Acceptance teaches us to ride lifes waves rather than fight them.
Life often feels like we are standing on a shoreline, watching massive, unpredictable waves roll in from the horizon. Sometimes those waves are gentle, like a soft summer breeze, but other times they are towering giants that threaten to knock us right off our feet. Jon Kabat-Zinn’s beautiful reminder that we can't stop the waves but we can learn to surf is such a profound way to look at our struggles. It tells us that while we don't have control over the external chaos or the sudden storms of life, we do have power over how we respond to them. We cannot command the ocean to be still, but we can certainly work on our balance.
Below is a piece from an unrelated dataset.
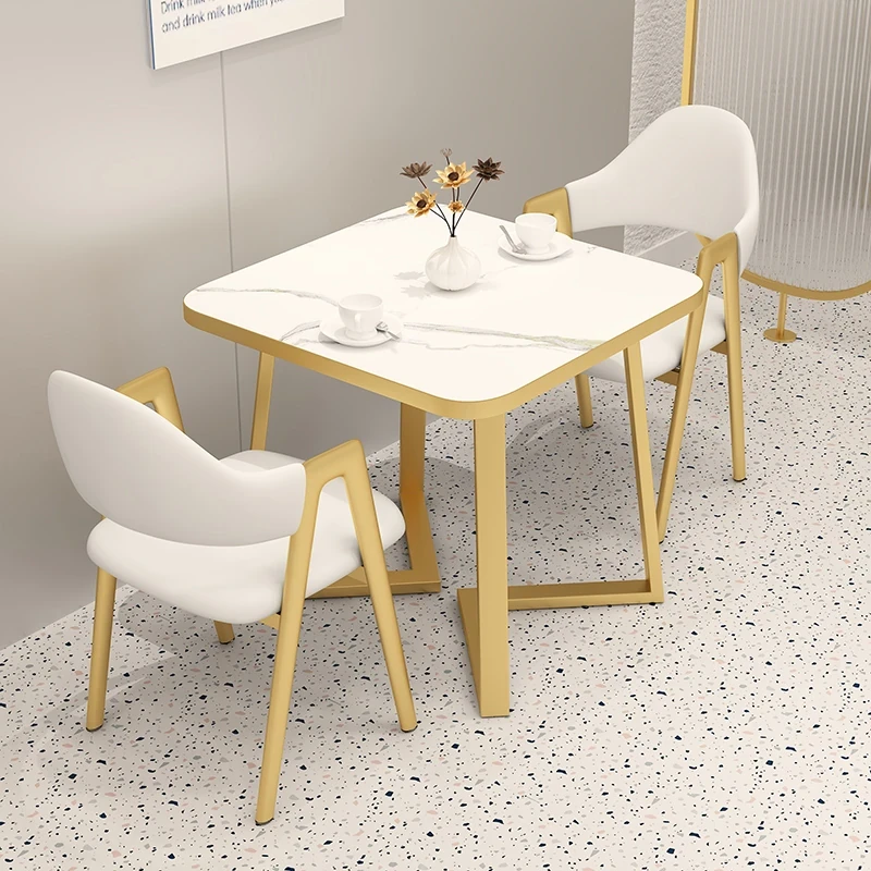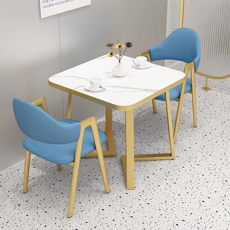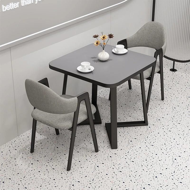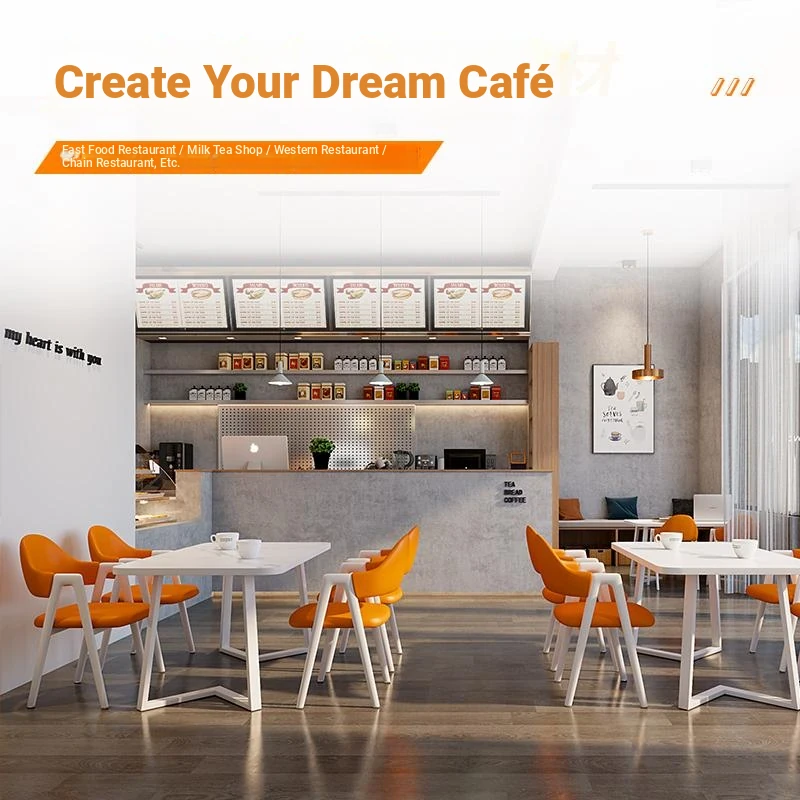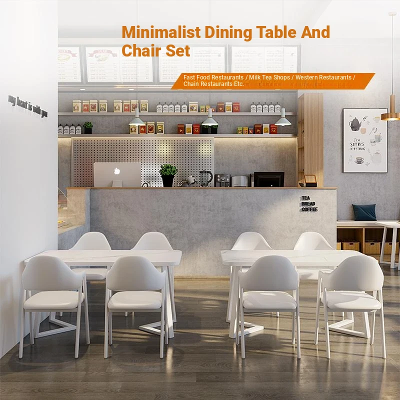 Commercial Rectangular Dining Table and Chairs for Dessert and Milk Tea Shops - Trendy Snack Bar Furniture for Quick Service Restaurants, Perfect for Meetings and Socializing
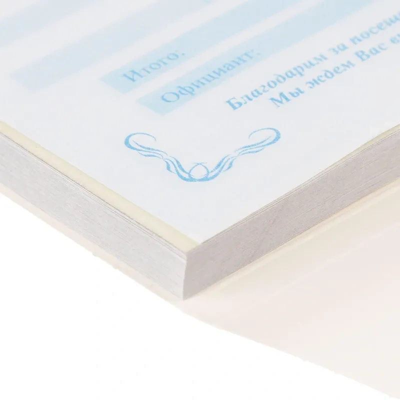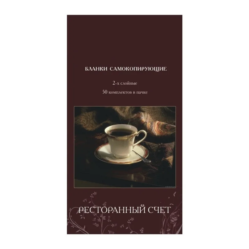Самокопирующие бланки Ресторанный счет изготовлены в виде книжки, которая имеет обложку из мелованного глянцевого картона (плотность 200 г). Перфорации нет. Поверхность изделия декорирована рисунком. Изготовлены из двухслойной самокопирующейся бумаги. Каждый бланк состоит из белых и тонированных листов. Книжка самокопирующихся бланков содержит 50 экземпляров. Чтобы избежать копирования на последующие слои, необходимо положить отворот обложки под заполняемый бланк. По бланкам рекомендуется писать шариковыми ручками с обычными чернилами — не с масляными и не с гелевыми, с усилением, на ровной твердой поверхности.

In our everyday lives, these waves show up in so many forms. It might be a sudden change at work, a disagreement with a loved one, or just one of those heavy days where everything seems to go wrong at once. When we try to fight the waves—when we try to force life to be something it isn't—we usually end up exhausted and overwhelmed. We spend all our energy trying to build walls against the tide, only to find that the water eventually finds a way through. The real magic happens when we stop fighting the movement and start looking for our footing.
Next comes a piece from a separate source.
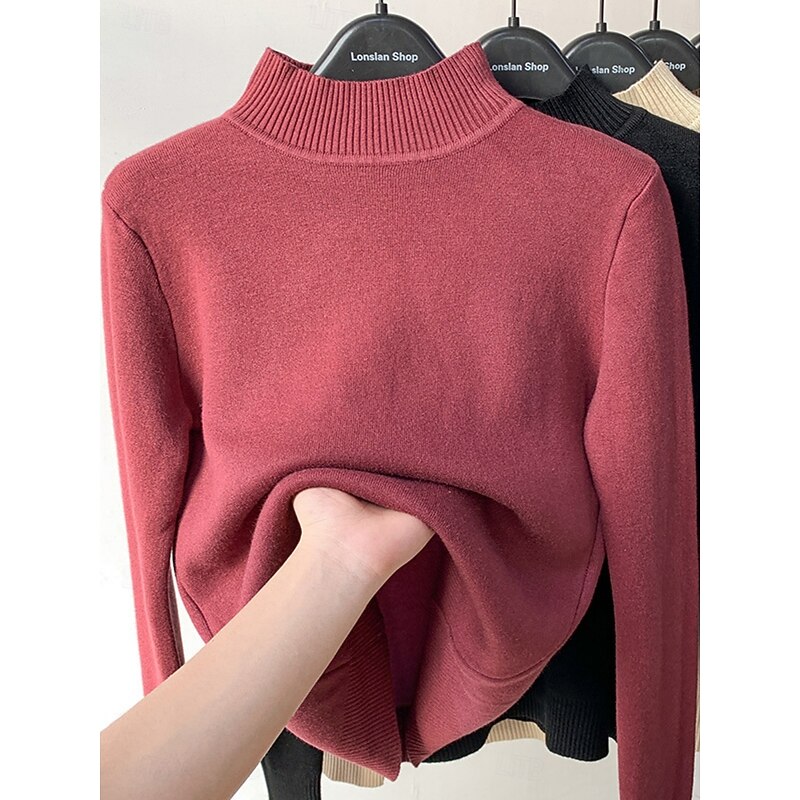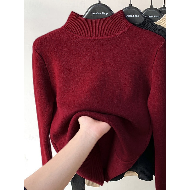 More information about Women's Blouse Solid Color Stylish Casual Long Sleeve High Neck Regular Tops Daily Black White Wine Red Blue Spring Fall Winter
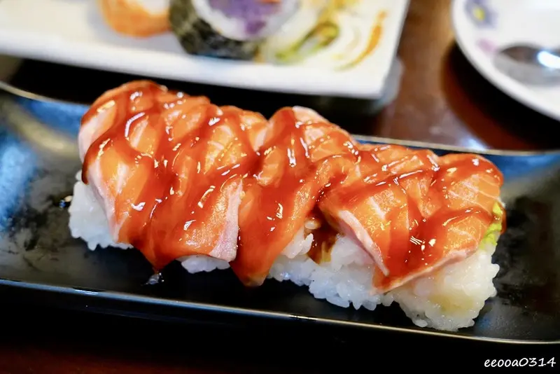 愛吃鮭魚的朋友不能錯過,鮭魚生魚片還細心地夾了檸檬片,吃起來更清爽;而鮭魚手握生魚飯則淋上了鹹甜的醬油膏,魚肉肥美滑順,醋飯紮實,是那種傳統台式壽司的飽足感!

I remember a time when I felt like I was drowning in a sea of tiny, overwhelming tasks. Everything felt too heavy, and I kept trying to push the problems away as if I could make them disappear. I was so focused on how much I hated the 'waves' of my stress that I didn't realize I was missing the opportunity to find my rhythm. It wasn't until I stopped resisting the reality of my busy schedule and started finding small ways to navigate through it—like taking five minutes to breathe or prioritizing one small win—that I felt like I was finally back on my board. I learned that surfing isn't about making the ocean disappear; it's about finding your grace within the motion.
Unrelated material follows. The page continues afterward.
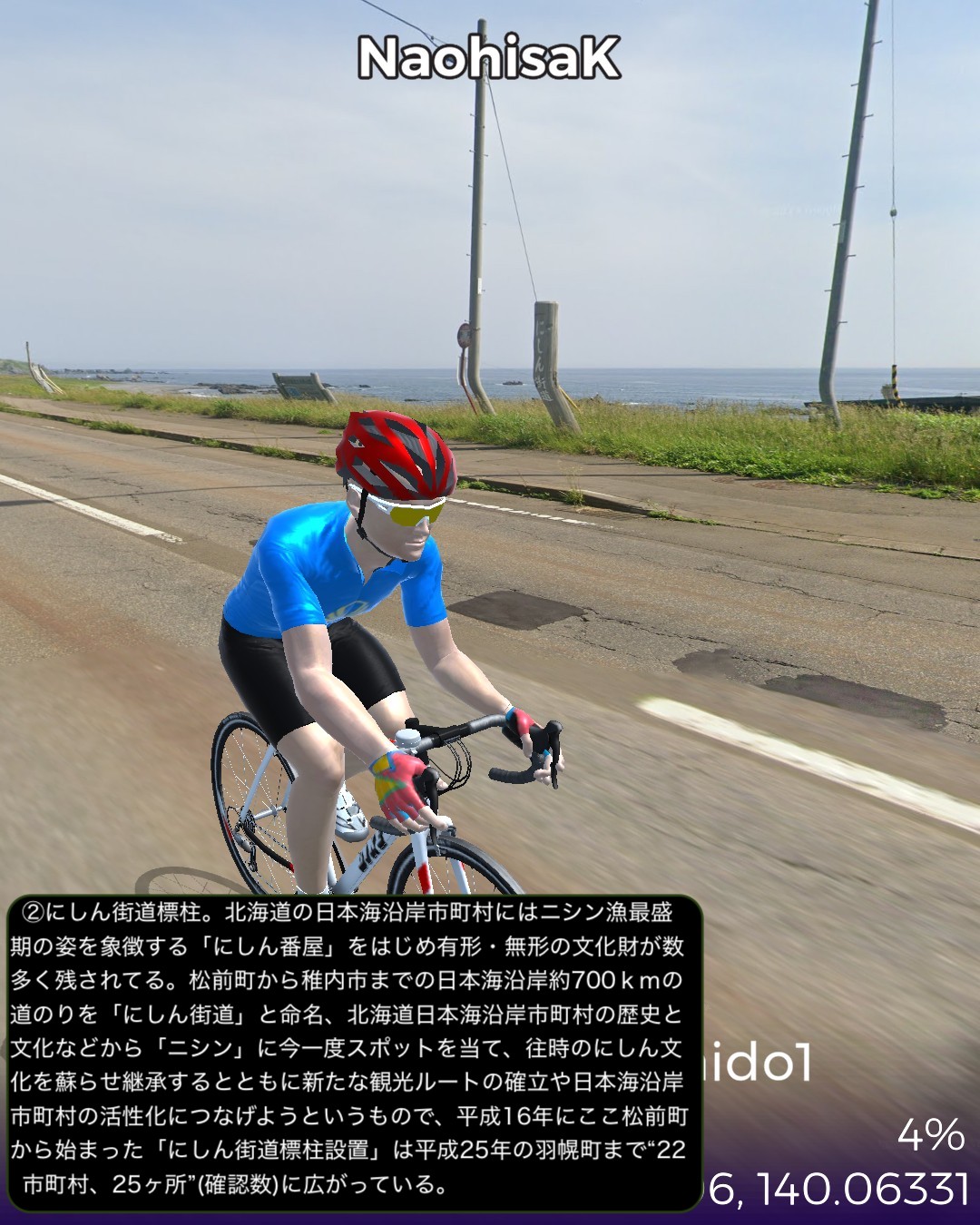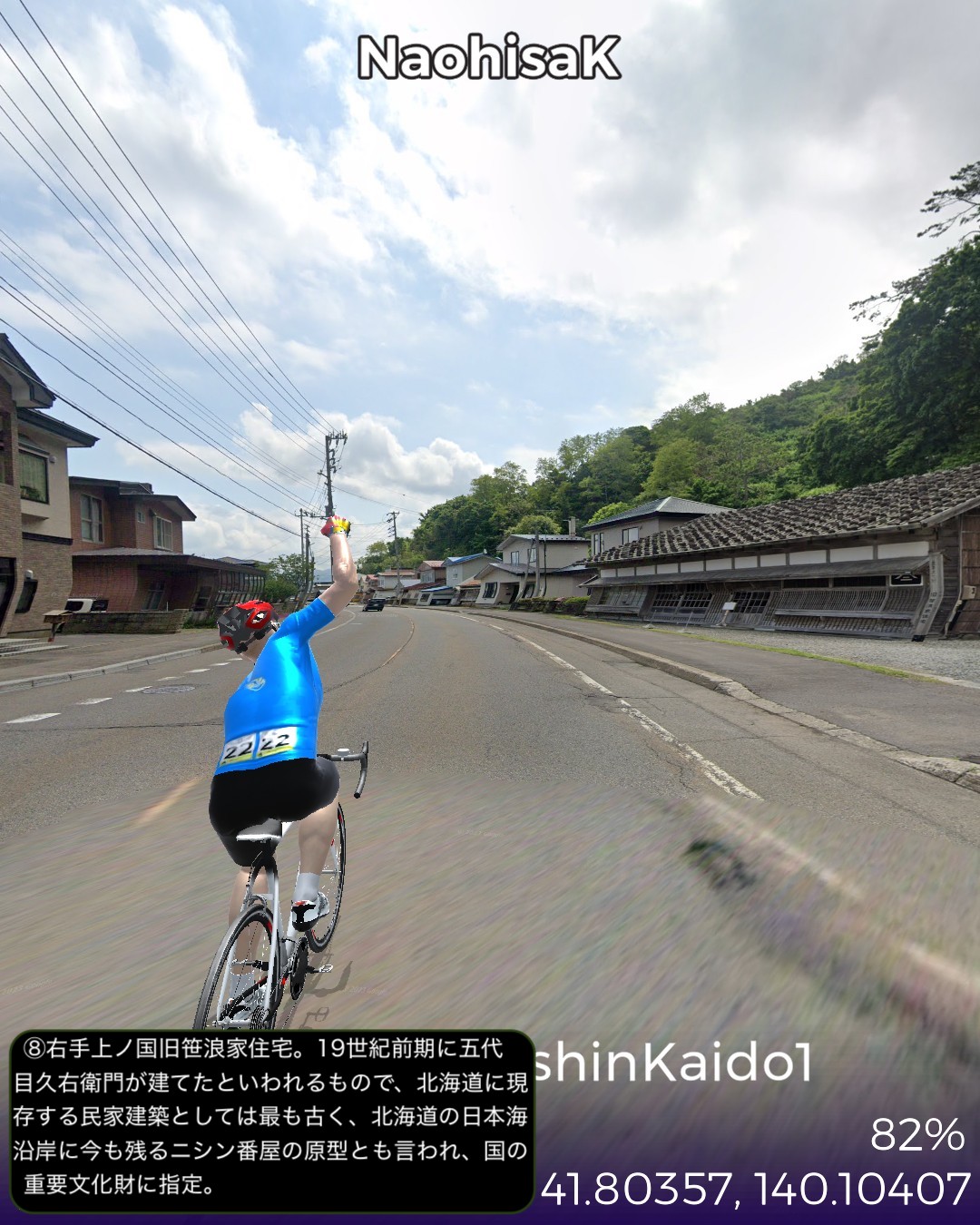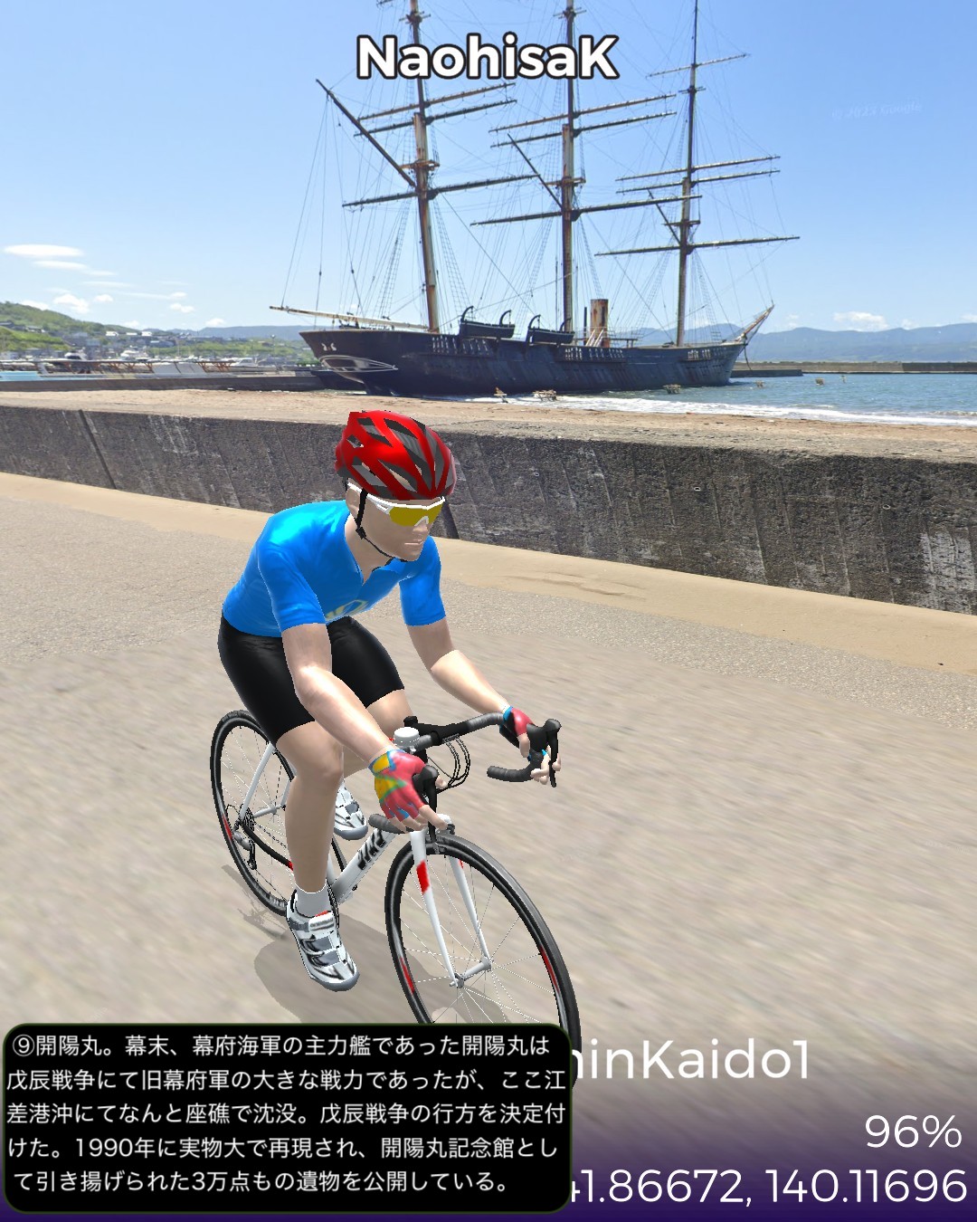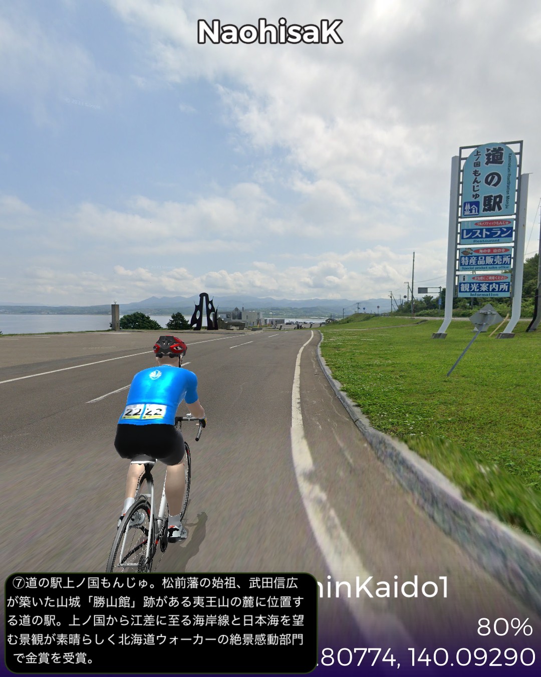 VRサイクリング。北海道の南西の端から日本海沿岸を北上する。北海道の日本海沿岸の道を「にしん街道」と名付けている団体があるので、その名称を拝借して今回は1日目。北海道唯一の城下町松前を出発し、海岸沿いを北へ向かってひた走る。いくつもの小さな漁村を通り過ぎ比較的開けた町上ノ国を過ぎてしばらく進み、にしん漁で栄えた江差に到達する67kmの行程。今回のルート上は、緑色のブッシュで彩られた海岸段丘がずっと続くが、左手に広大な日本海を眺めつつその段丘を登ったり下ったりしつつ進む絶景ルートであるが、それも延々と続くと飽きてくる。ひょっとしたら北海道の海岸はずっとこの同じパターンの繰り返しか。この間漁村は点在するが地形的に大きな良港が見当たらないなかで、今回のゴールに近い上ノ国と江差は地形的に湾となっていて良港の条件が整っている。幕末に幕府が誇る軍艦開陽丸が、戊辰戦争において、旧幕府軍の用心棒的戦力になっていたのだが、江差港で嵐をやり過ごしていて座礁し沈没の憂き目に遭った。敵の攻撃ではなく自ら座礁してしまったところが残念すぎる最期であったが、その開陽丸がそっくり再現されて開陽丸記念館として引き揚げられた3万点もの遺物を公開している。江差はかつてニシン漁で栄えたことで知られている。辺境の地にありながら江差の品揃えは江戸、大阪と変わらないと言われた繁栄の時代の名残りが、町に点在する鰊御殿と呼ばれる大きな木造建築物に顕れている。広い道に大振りの木造建築が建ち並ぶ開放的な街並みはユニークで、アクセス的には非常に遠い町であるがリアルに訪れてみたいと思った。

Learning to surf takes practice, patience, and a lot of falling down. You won't get it right every single time, and that is perfectly okay. Every time you wipe out, you are actually learning something about the strength of the current and the importance of your own resilience. As you move through your week, I invite you to take a deep breath and look at your current challenges not as obstacles meant to destroy you, but as waves meant to teach you how to ride. Instead of asking how you can stop the storm, try asking yourself how you can find your balance today.